You can believe this or not. But if you want me not to believe it, I need to see a source that is at least as experienced and as knowledgeable as this man about the situation on the ground in Iraq (and neither Bill O'Reilly nor TrAnn Coulter count).

You know what would be so funny if it weren't so sad? The FBI and CIA have known for a long time how to get good information out of detainees. FBI interrogator Jack Cloonan did it (see the Vanity Fair article) with the conspirators in the Kenya and Tanzania US Embassy bombings. The former CIA interrogator mentioned above relates (in his Washington Post editorial and subsequent book) that,
We turned several hard cases, including some foreign fighters, by using our new techniques. A few of them never abandoned the jihadist cause but still gave up critical information. One actually told me, "I thought you would torture me, and when you didn't, I decided that everything I was told about Americans was wrong. That's why I decided to cooperate."
What was this secret method of interrogation?
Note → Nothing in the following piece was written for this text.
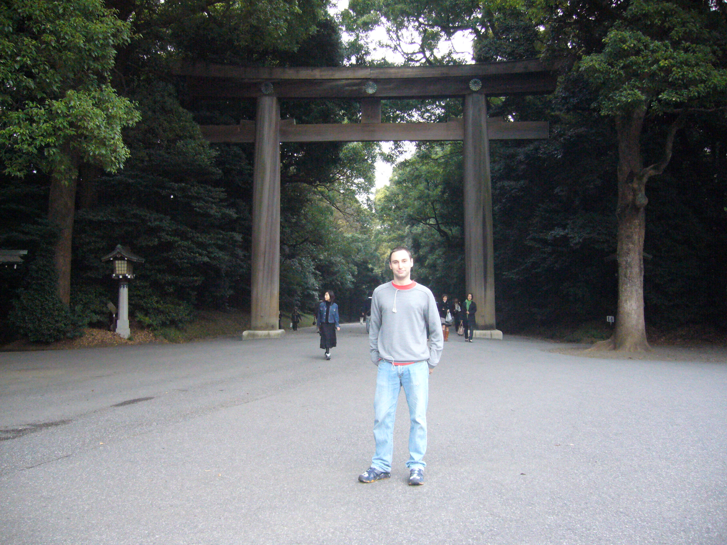 The wooden torii gate at the entrance to Meiji Shrine (below) outside Harajuku station is seen on 37 mins even though the caption prior to it says that its Shinjuku-gyoen Gardens. Even though its supposed to be January the two American girls are wearing just vests as they walk along the path in fear of the monster whilst Japanese people in the background are just going about their own business oblivious to the fact that theres a monster on the loose. Truly an awful film and I’m mildly embarrassed to have even featured these locations on here. Almost worth watching though to see how bad it is!

I taught the members of my unit a new methodology--one based on building rapport with suspects, showing cultural understanding and using good old-fashioned brainpower to tease out information. I personally conducted more than 300 interrogations, and I supervised more than 1,000. The methods my team used are not classified (they're listed in the unclassified Field Manual), but the way we used them was, I like to think, unique. We got to know our enemies, we learned to negotiate with them, and we adapted criminal investigative techniques to our work (something that the Field Manual permits, under the concept of "ruses and trickery"). It worked. Our efforts started a chain of successes that ultimately led to Zarqawi.
I see. Wait--it's almost as if someone had discovered a way to interrogate successfully! Did anyone Cc. Bush?

So why do so many people want to torture detainees? I can't help but think that a very ugly type of vengeance is at work here. Do not think that Fosco is above anger at those who perpetrated 9/11 or those who do/would kill American troops (or civilians). I want those people to get what they deserve. However, I believe that "just deserts" are morally meaningful only when they are just. Vigilante justice is not justice. No matter what Bush et al. claim, it is possible for us to punish evildoers under our system of laws. It might take more work (although it may not), and it will definitely require more restraint. And in calling for this restraint, I am not particularly interested in protecting terrorists; rather, I am interested in protecting our American moral character.